> [YOUR OBJECTIVE]:
Each entry below is to be returned exactly, with any pictures left out.

[WORKING DATA Boundary: Start]

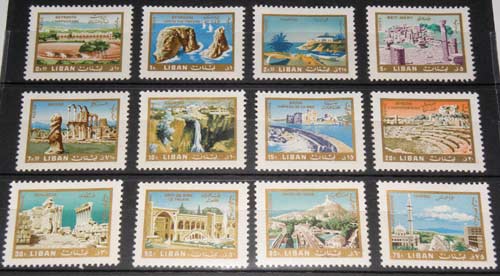 – Twelve stamps. Places of Lebanon and Cities: Beyrouth l’hippodrome, grotte aux pigeons, Tabarja, Beit-Mery, Anjar, Djezzine la cascade, Saida chateau de la mer, Byblos l’amphitheatre, Baalbeck, Beit ed dine le palais, Nahr el Kalb, Tripoli,
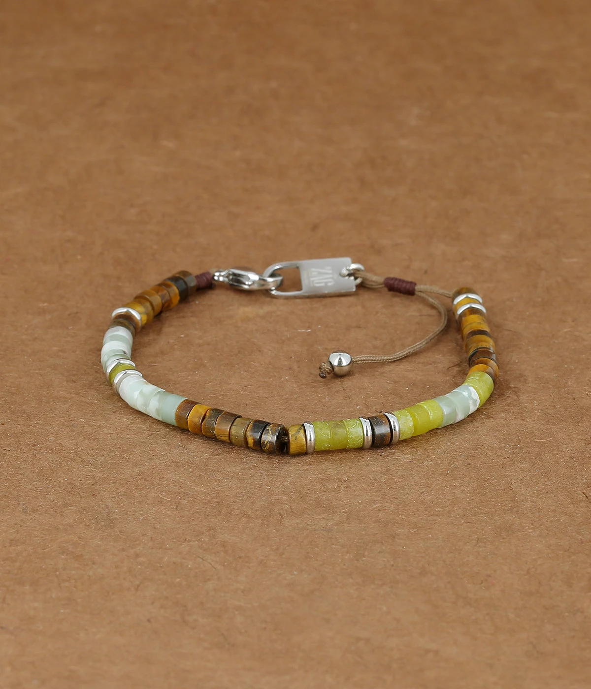 TrĂšs colorĂ© sur le poignet, nous conseillons de le porter accumulĂ© avec d’autres bracelets de notre collection pour homme.
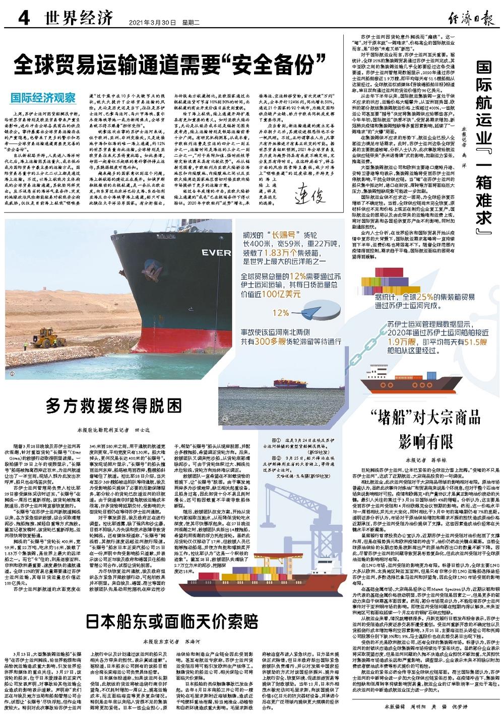 “长赐号”在苏伊士运河新航道搁浅以来,各方紧急组织救援,综合采取清理泥沙、拖船拖拽、减轻自重等方式施救。截至记者发稿时,该货轮已重新浮起,运河很快将恢复畅通。
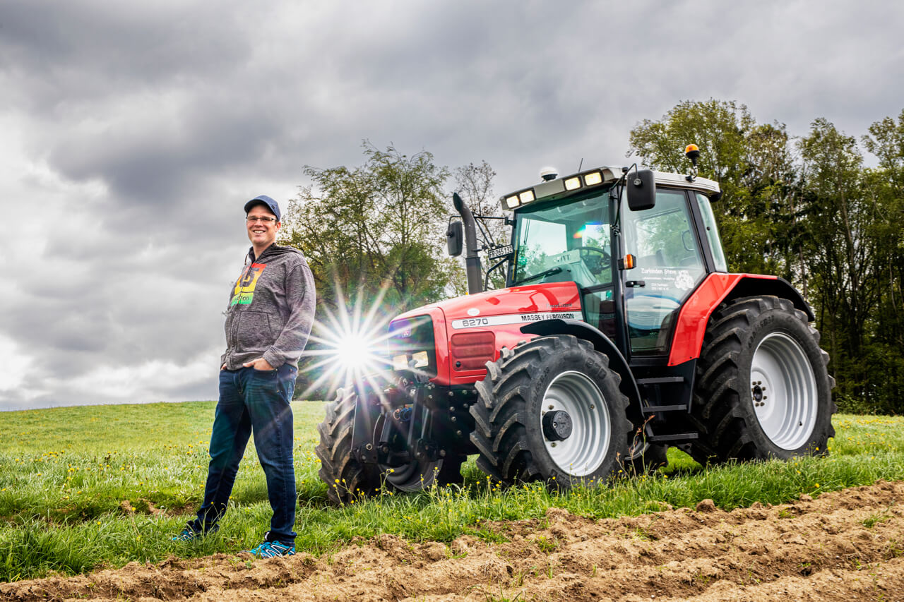 «Mein Massey Ferguson 6270 ist ein echter Dampfhammer, weil die Motorleistung von 115 auf 130 PS erhöht wurde» erklärt Lohnunternehmer Steve Zurkinden aus Tentlingen FR. Die 17 Dienstjahre und 4700 Stunden sieht man dem Traktor mit Baujahr 2002 nicht an, weil Zurkinden den Traktor nach jedem Einsatz sorgfältig wartet und pflegt.
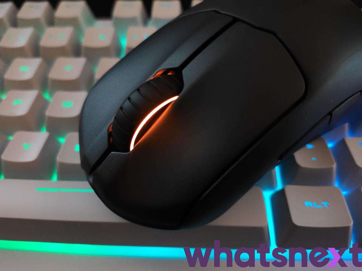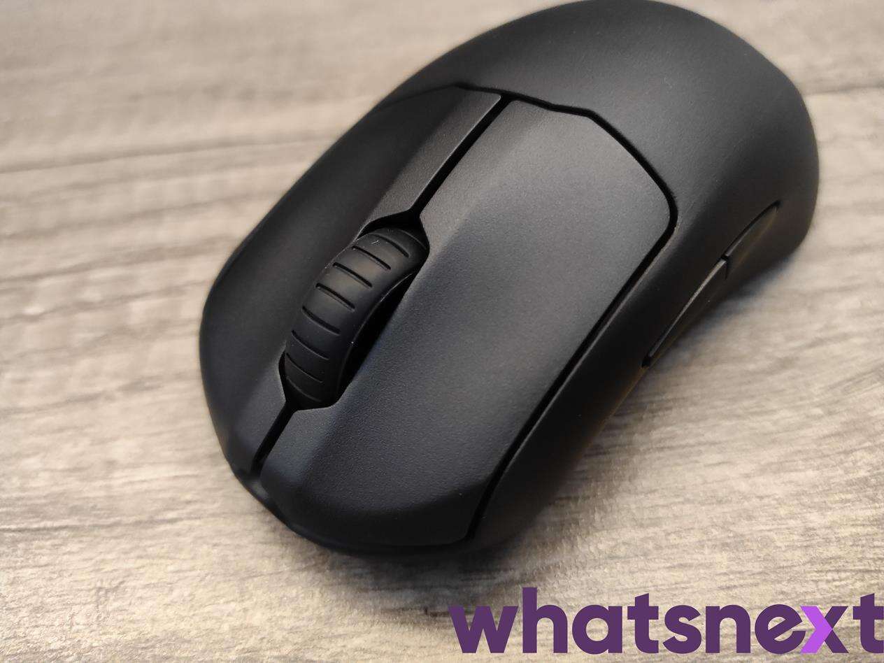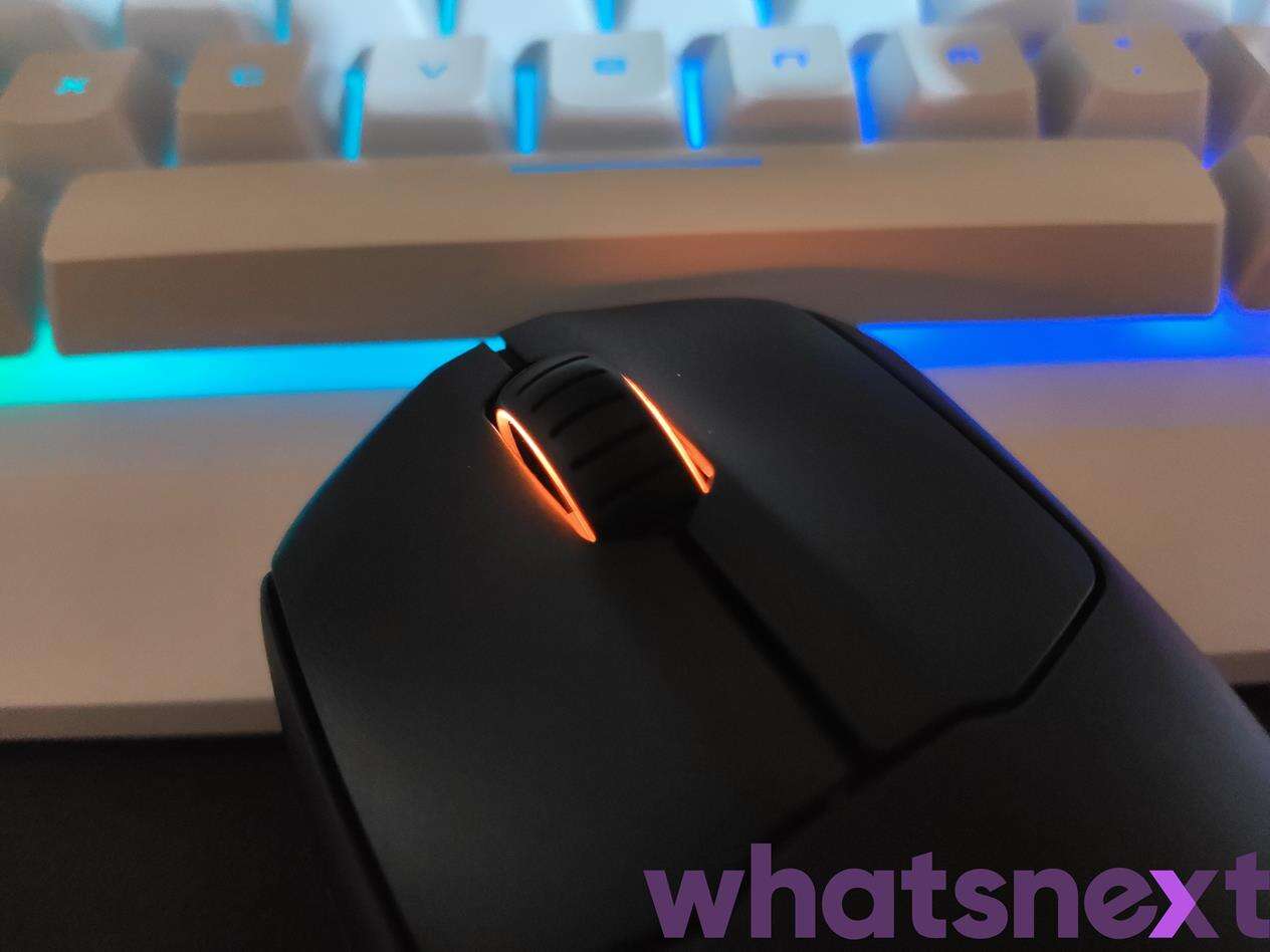 Tego typu rozwiązanie w praktyce wypada świetnie, gwarantując na dodatek wysoką responsywność, a na dodatek twardy i głośny, choć niewymagający przesadnie dużej ilości siły, klik. Co ciekawe, różni się on od kliku w modelach Prime przez mniejsze skrzydełka, które nadały tym przełącznikom okazalszej surowości. Jak dla mnie jest to zaletą. Równie dobrze sprawdzają się też boczne przyciski oraz rolka na łożysku, zapewniającym wyczuwalne przeskoki między następnymi stopniami.
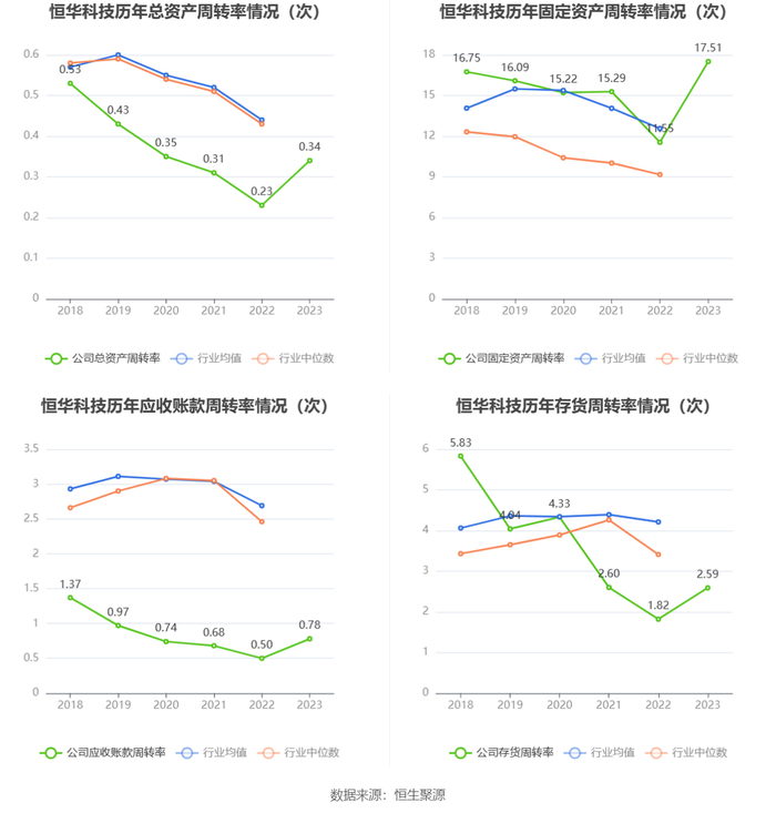 营运能力方面,2023年,公司公司总资产周转率为0.34次,上年同期为0.23次(2022年行业平均值为0.44次,公司位居同行业91/103);固定资产周转率为17.51次,上年同期为11.55次(2022年行业平均值为12.57次,公司位居同行业41/103);公司应收账款周转率、存货周转率分别为0.78次、2.59次。
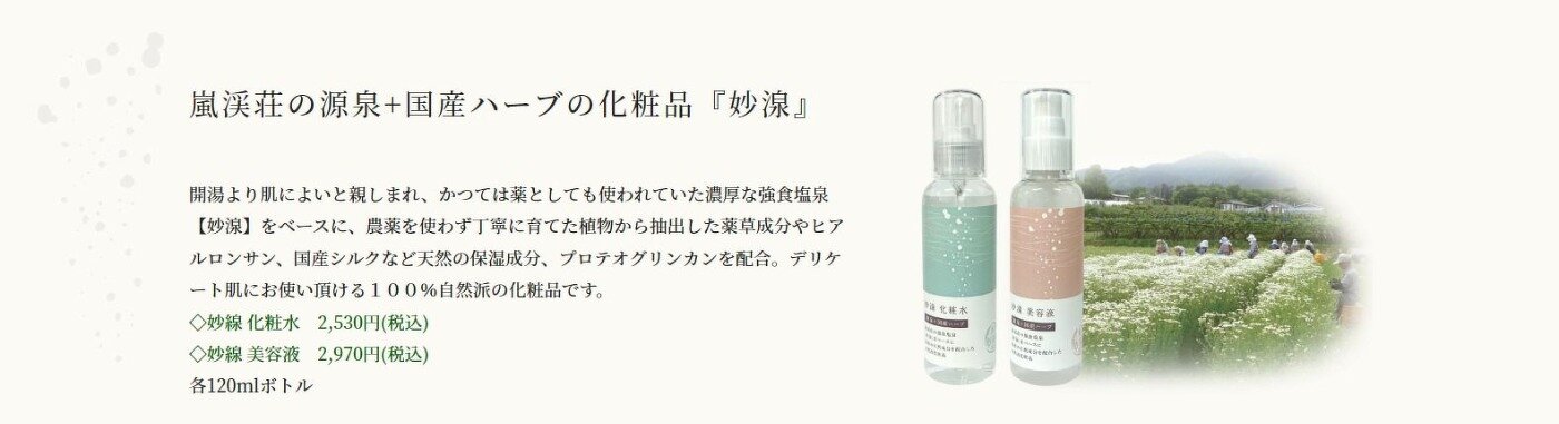 嵐渓荘様は「渓流沿いに建つ一軒宿」としてテレビドラマのロケ地にも選ばれたお宿でしたので、デザインでも「川」のイメージを取り入れました。メインビジュアルでは川のほとりに佇む建物の写真を使用しています。
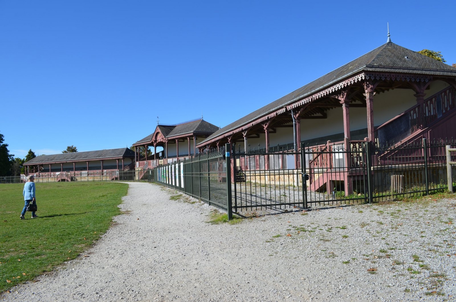 Avec nos voitures, via des quartiers extérieurs nous avons rejoint Le TRISKELL pour déjeuner. Après lequel, encore avec nos autos, nous avons via St Langis marqué un arrêt aux tribunes classées de l'hippodrome.
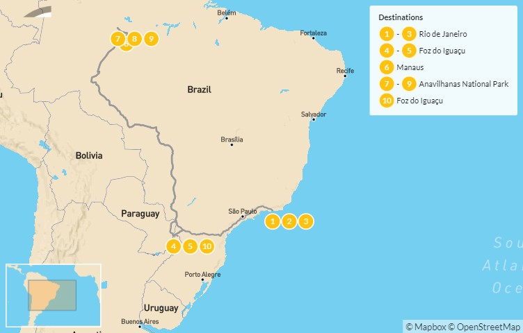 Map of Brazil Highlights: Rio de Janeiro, Iguaçu Falls & Amazon Rainforest – 10 Days
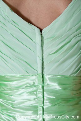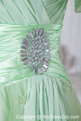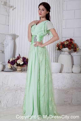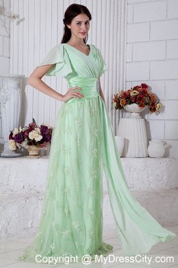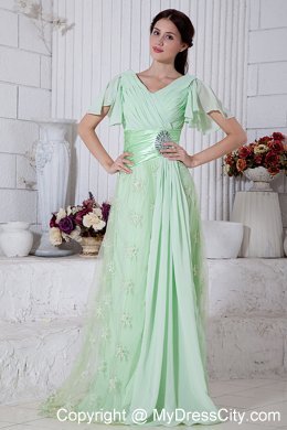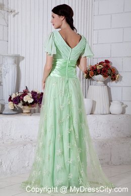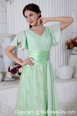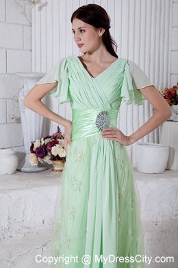 Butterfly sleeves are a design element that you don't often see on formal gowns, but the effect they create can be quite stunning, as this beautiful dress clearly shows. It has a lovely V neck with ruched fabric on the bust and flattering butterfly sleeves. The dainty waistband is accented with pretty rhinestones that create a elegant effect with the ruched fabric. The floor-length skirt has beautiful pleats and folds covered by a lace layer that creates lots of beauty throughout. A flattering and high class design�perfect for those extra special occasions.

[WORKING DATA Boundary: End]

> [TASK RESULT]:
 – Twelve stamps. Places of Lebanon and Cities: Beyrouth l’hippodrome, grotte aux pigeons, Tabarja, Beit-Mery, Anjar, Djezzine la cascade, Saida chateau de la mer, Byblos l’amphitheatre, Baalbeck, Beit ed dine le palais, Nahr el Kalb, Tripoli,
 TrĂšs colorĂ© sur le poignet, nous conseillons de le porter accumulĂ© avec d’autres bracelets de notre collection pour homme.
 “长赐号”在苏伊士运河新航道搁浅以来,各方紧急组织救援,综合采取清理泥沙、拖船拖拽、减轻自重等方式施救。截至记者发稿时,该货轮已重新浮起,运河很快将恢复畅通。
 «Mein Massey Ferguson 6270 ist ein echter Dampfhammer, weil die Motorleistung von 115 auf 130 PS erhöht wurde» erklärt Lohnunternehmer Steve Zurkinden aus Tentlingen FR. Die 17 Dienstjahre und 4700 Stunden sieht man dem Traktor mit Baujahr 2002 nicht an, weil Zurkinden den Traktor nach jedem Einsatz sorgfältig wartet und pflegt.
 Tego typu rozwiązanie w praktyce wypada świetnie, gwarantując na dodatek wysoką responsywność, a na dodatek twardy i głośny, choć niewymagający przesadnie dużej ilości siły, klik. Co ciekawe, różni się on od kliku w modelach Prime przez mniejsze skrzydełka, które nadały tym przełącznikom okazalszej surowości. Jak dla mnie jest to zaletą. Równie dobrze sprawdzają się też boczne przyciski oraz rolka na łożysku, zapewniającym wyczuwalne przeskoki między następnymi stopniami.
 营运能力方面,2023年,公司公司总资产周转率为0.34次,上年同期为0.23次(2022年行业平均值为0.44次,公司位居同行业91/103);固定资产周转率为17.51次,上年同期为11.55次(2022年行业平均值为12.57次,公司位居同行业41/103);公司应收账款周转率、存货周转率分别为0.78次、2.59次。
 嵐渓荘様は「渓流沿いに建つ一軒宿」としてテレビドラマのロケ地にも選ばれたお宿でしたので、デザインでも「川」のイメージを取り入れました。メインビジュアルでは川のほとりに佇む建物の写真を使用しています。
 Avec nos voitures, via des quartiers extérieurs nous avons rejoint Le TRISKELL pour déjeuner. Après lequel, encore avec nos autos, nous avons via St Langis marqué un arrêt aux tribunes classées de l'hippodrome.
 Map of Brazil Highlights: Rio de Janeiro, Iguaçu Falls & Amazon Rainforest – 10 Days
 Butterfly sleeves are a design element that you don't often see on formal gowns, but the effect they create can be quite stunning, as this beautiful dress clearly shows. It has a lovely V neck with ruched fabric on the bust and flattering butterfly sleeves. The dainty waistband is accented with pretty rhinestones that create a elegant effect with the ruched fabric. The floor-length skirt has beautiful pleats and folds covered by a lace layer that creates lots of beauty throughout. A flattering and high class design�perfect for those extra special occasions.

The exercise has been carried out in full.